Computer guide for psych majors



Computer guide for psych majors

If you're about to be a psych major, here's your handy tech guide! Spoiler alert: you won't need an expensive computer.

If you're going to grad school for psychology, your needs may be a bit different...but chances are good that the recommendations here will suffice for you as well.

https://drive.google.com/file/d/0B4ZtXTwxIPrjc2F2dW42MG45R0E/view

Sunday, January 22, 2017

Thinking about the GRE?



Thinking about grad school and the GRE?

You'll find some review materials available here.

Up-to-date information about the test itself, the nearest testing center to you, registration for the test, and more is available here.
  • Start preparing for the GRE over winter break of your junior year, at the latest. Take practice tests, to get familiar with the kinds of questions on the exam and the time limits you'll face.

    Prepare more intensively in the months before you take the exam. There are free materials available online, or at your local library—it's not necessary to spend $30+ on a prep book.
  • If you're particularly bad at taking tests, you may want to begin practicing even earlier. Many programs, particularly academic-focused (as opposed to career-oriented) programs, assume as a matter of course that you'll do well on the GRE.

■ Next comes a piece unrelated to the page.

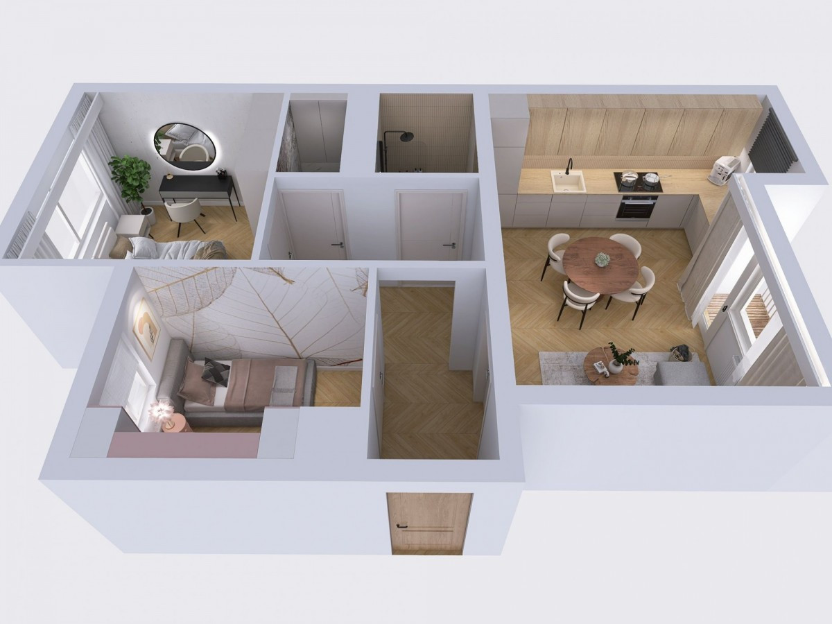 Załączona wizualizacja przedstawia możliwość wydzielenia dodatkowego pokoju i przeniesienia kuchni do salonu.

    For certain graduate programs, like a PhD in Creative Writing, your score on the Quantitative sections isn't so important; likewise, your Analytical Writing score holds less weight with a PhD program in Mathematics or Physics. If your goal is to attend a Master's program and enter the workforce directly afterward, the expectations for your GRE score will be a bit lower than the expectations of a PhD program.
  • You'll want to take the GRE before the beginning of your final year in college—if you take it during the year, when you're taking a full load of classes, you'll be too stressed out to do your best. You'll also have to take a trip to the nearest specialized exam center (if you're in the U.S.).
  • More importantly, carefully pick the programs you're applying to. You pay $195 to take the test. On the day of the test, you can select 4 schools to receive your score; know where you want to send your GRE results.

    To send your score to any additional universities, you will have to pay $27 per school (and it may cost more than that now; prices only go up).
How do you know which schools you want to apply to? Pick your particular area of interest, and know which professors you'd like to work with. Think of it less as applying to a particular school, and more as an application to work with a particular professor (or a particular set of professors).

Know the acceptance rate of each program you apply to, and to improve your odds of acceptance, be sure that they're not all top-tier, hyper-competitive programs.

It's often helpful to get some relevant experience in that field, and if you get an interview with one of the professors you'd like to work with, be prepared to discuss your interest—as well as your research ideas—with someone who already has a PhD in the field.
  • A subpar GRE score is not necessarily going to ruin your chances of admission to a graduate program, but it will decrease your odds (especially if you plan to apply to top-tier programs). If you don't do so well, it may be worth addressing (briefly) in your academic statement of purpose or your personal statement.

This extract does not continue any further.